Son las
4 horas y 45 minutos de la mañana y no puedo dormir. Me van a decir que soy un
pelotudo, pero el zumbido de los mosquitos me causa insomnio. No voy a usar un
insecticida ni un repelente, con este calor sería insoportable. Esto es un deja
vú permanente: viene zumbando, me aturde, me pica en la oreja y me rompo la
jeta de un cachetazo. Una y otra vez. Así que lo tengo que matar, si quiero
dormir no me queda otra. Por eso estoy acá a las 4 y pico de la mañana, porque
si lo espero lo puedo matar. Entonces espero que pase frente al monitor de la
computadora, acá, mientras escribo. Lo mato y me voy a dormir en paz.
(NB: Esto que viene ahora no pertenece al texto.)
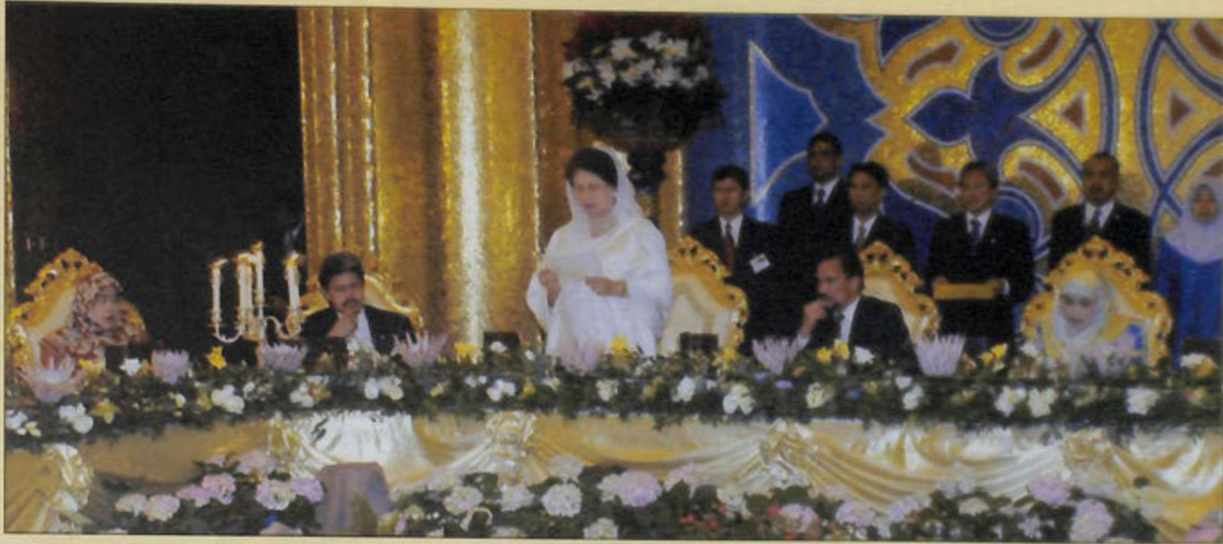
KEBAWAH Duli Yang Maha Mulla Paduka Sultan Haji Hassanat Bolkiah Mu'izzaddin dan Yang Di-Pertuan Negara Brunei Darussalam Kebawah Duli Yang Maha Mulla Paduka Seri Pengiran Anak Hajah Saleha ketika berhadapan Perdana Menteri Republik Rakyat Bangladesh Terutama Begum Khaleda Zia di Majlis Iman (kiri).
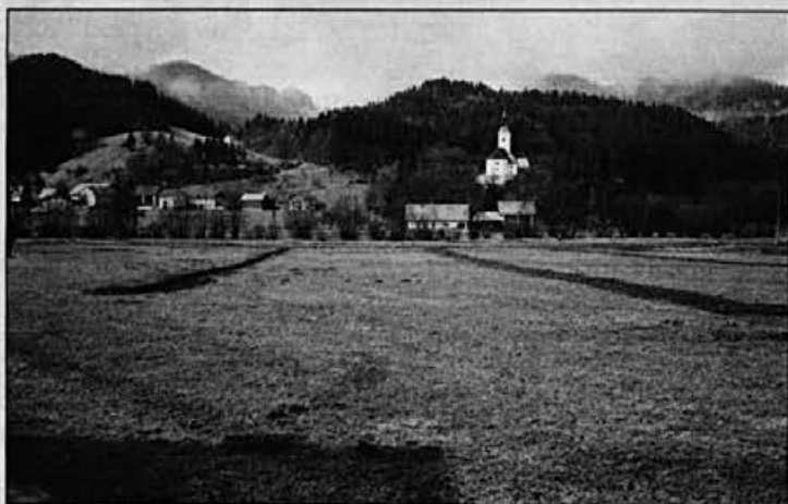
Osuševalni kanali na "Travnikih" in pod sv. Ano

ekonomsko utemeljitev za projekt, ki smo ga imenovali Hidromelioracija žirovske polje. Celoten kompleks obsega 68 ha kmetijskih zemljišč.
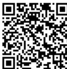
教師報名 QR code
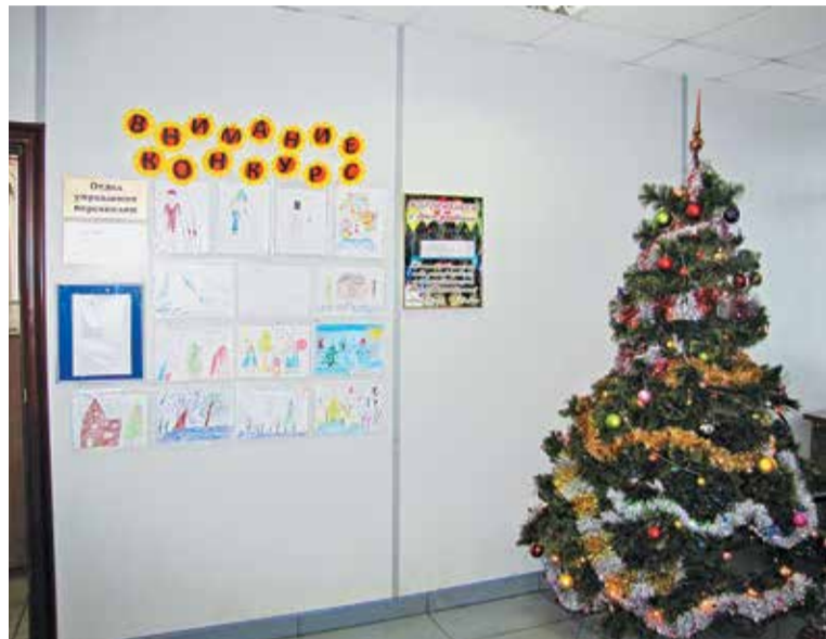
Детские рисунки отлично дополняли праздничный антураж

По доброй многолетней традиции в конце декабря в вагонном ремонтном депо Рыбное АО «ВРК-1» организуется детский праздник новогодней елки
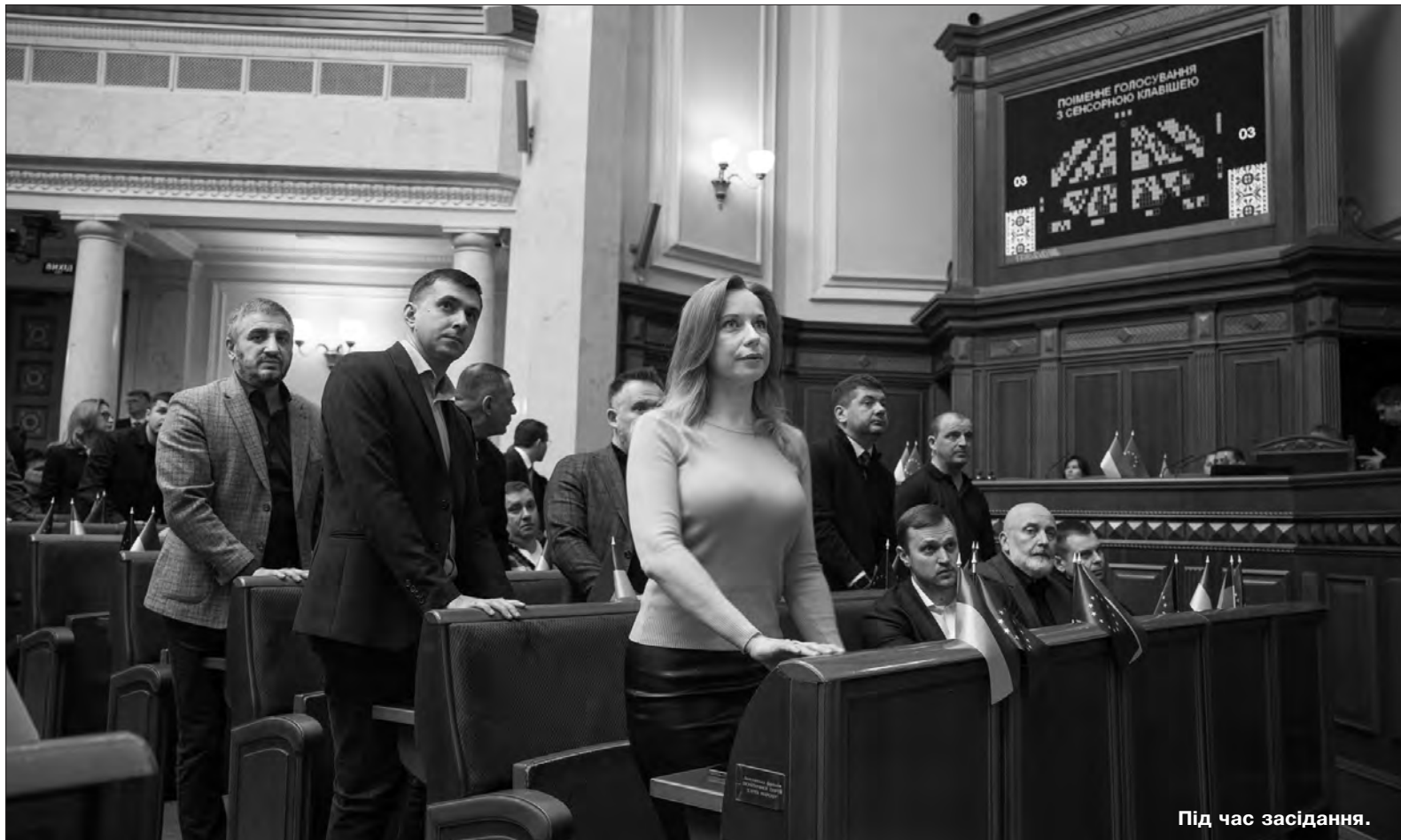
Під час засідання.
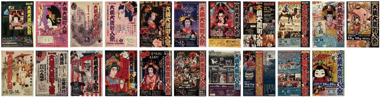
大須大道町人祭 歴代ポスター（大須掲示板より）
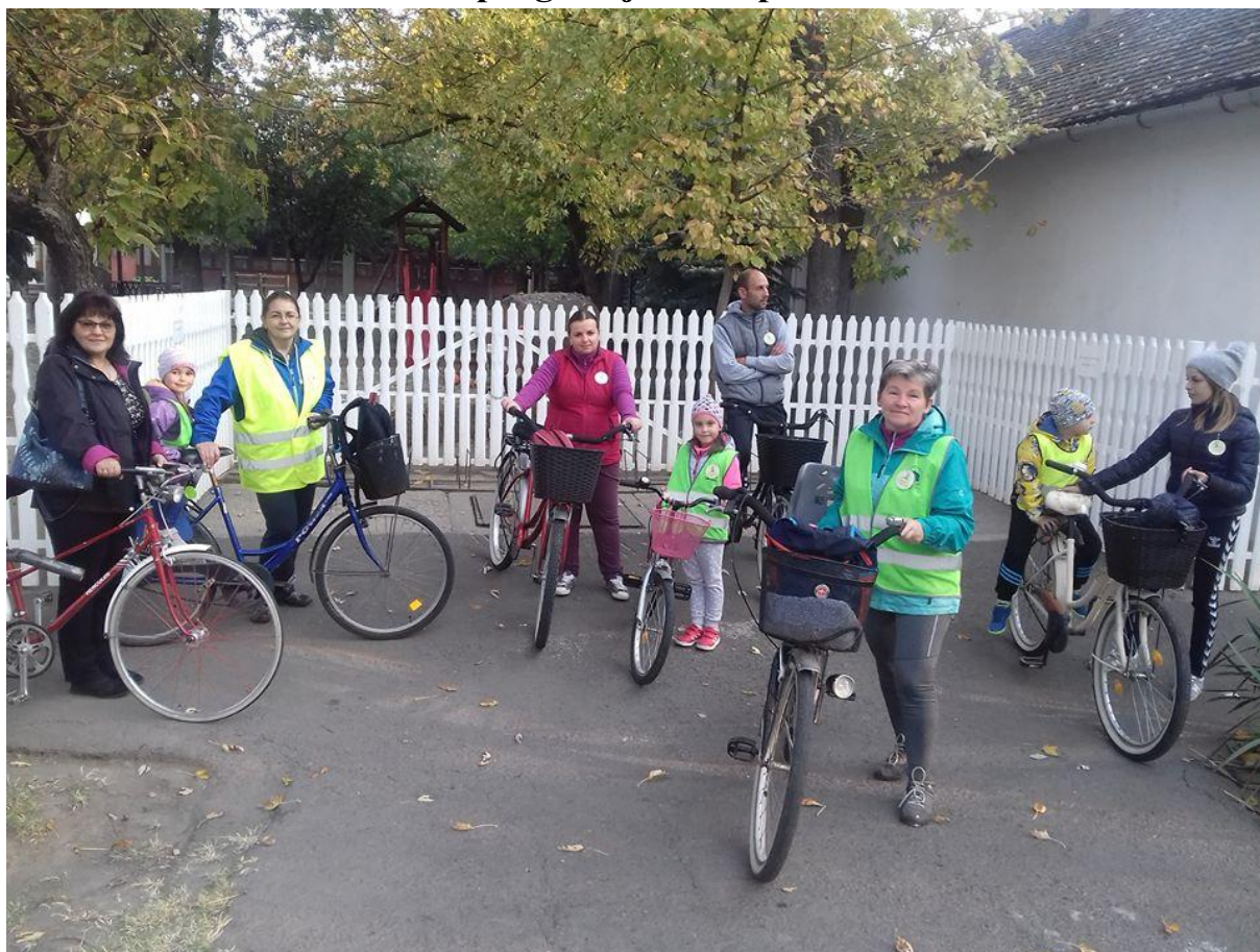
Kerékpároztunk a makói mentőkért
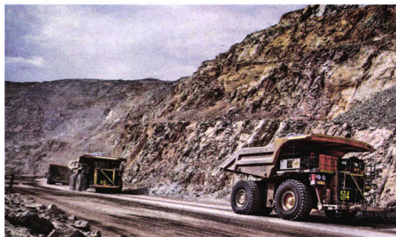
Minería tuvo su primera caída después de un año de alzas.
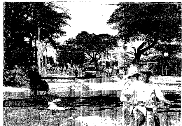
国道4号線 カンボンスプー付近
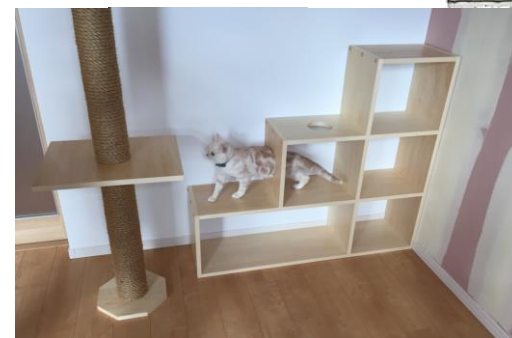
キャットタワー&キャットウォークでネコちゃん満足 (注: 猫は住んでおりません・・・)
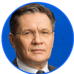
Алексей Лихачев Росатом Генеральный директор
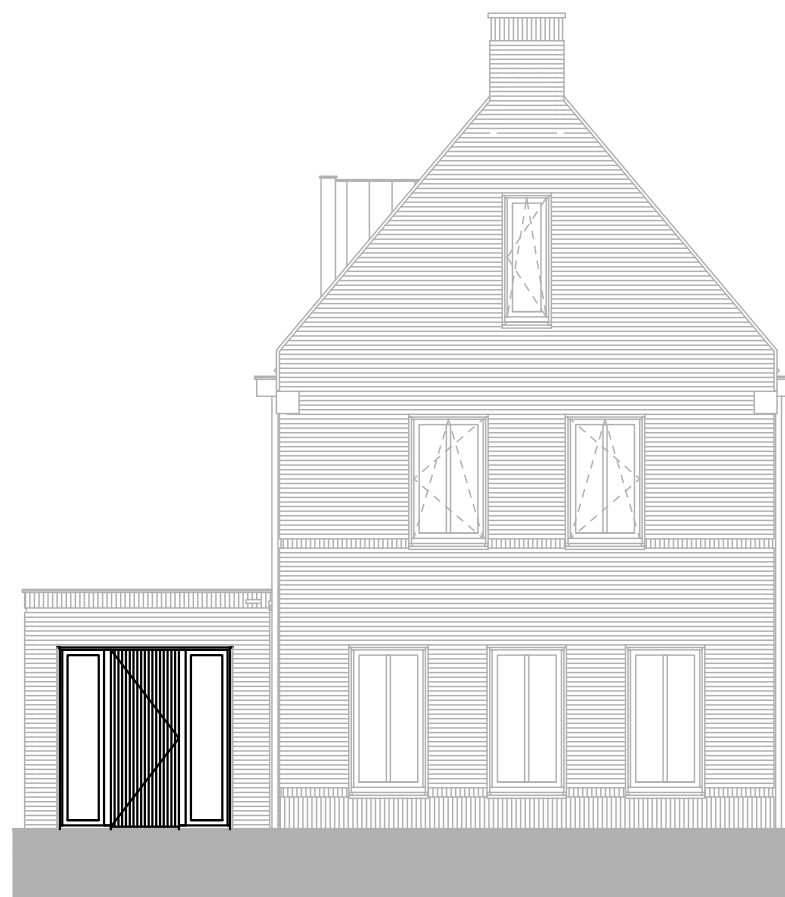
type B bouwnummer 12 voorgevel
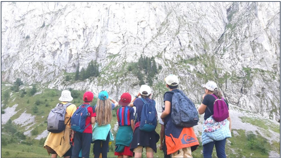
Admirez le Chauffé
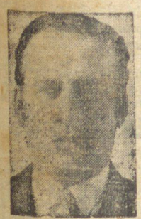
SR. FLORES DA CUNHA
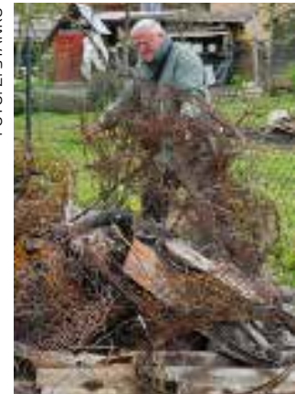
Zar je gomili žice mjesto u prirodi?
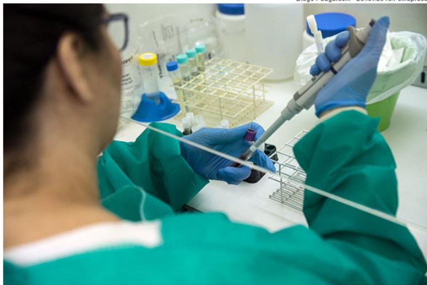
Pesquisador trabalha no Instituto de Ciências Biomédicas da USP, o mesmo do aluno que morreu

Diego Padgurschi - 26.fev.2016/Folhapress

Y
mientras, cuento algo. Tengo ganas de escribir un texto que te permita
interpretar toda la expectativa que tengo. Quiero encontrar al mosquito
revoloteando frente a la computadora. Y ahí lo mato.
Me está
matando ese intenso dolor en la vista que tengo y que está batido con el pegote
del cuerpo caluroso y con el horario de trabajo que debo cumplir y la
impotencia y todo lo demás que ya sabés. Y él zumba por ahí. Quiero bajarlo a
tierra y terminar el problema. Pero para eso, tengo que armarme una torre de
paciencia. Respiración baja, dedos tecleando en silencio, vista concentrada en
lo que escribo. Contar. Edición, mucha edición, para hacer tiempo. Como si el
mosquito no existiera realmente, como si no lo esperara realmente. Al moxquito
lo cuento. Te lo cuento a vos, que me leés. Escribo y, en el fondo, busco otra
cosa. Quiero matar lo que me distrae el sueño y ahora que me muero por dormir
bien empiezo la escritura. Pero justo ahí cuando aterrizo, el moxquito me
recuerda que estamos solos. Que estoy solo, porque él es una cosa
indestructible en su mérito, de voluntad innegociable. Y que yo lo traduzco, de
forma potente, como algo suspicaz y terrible.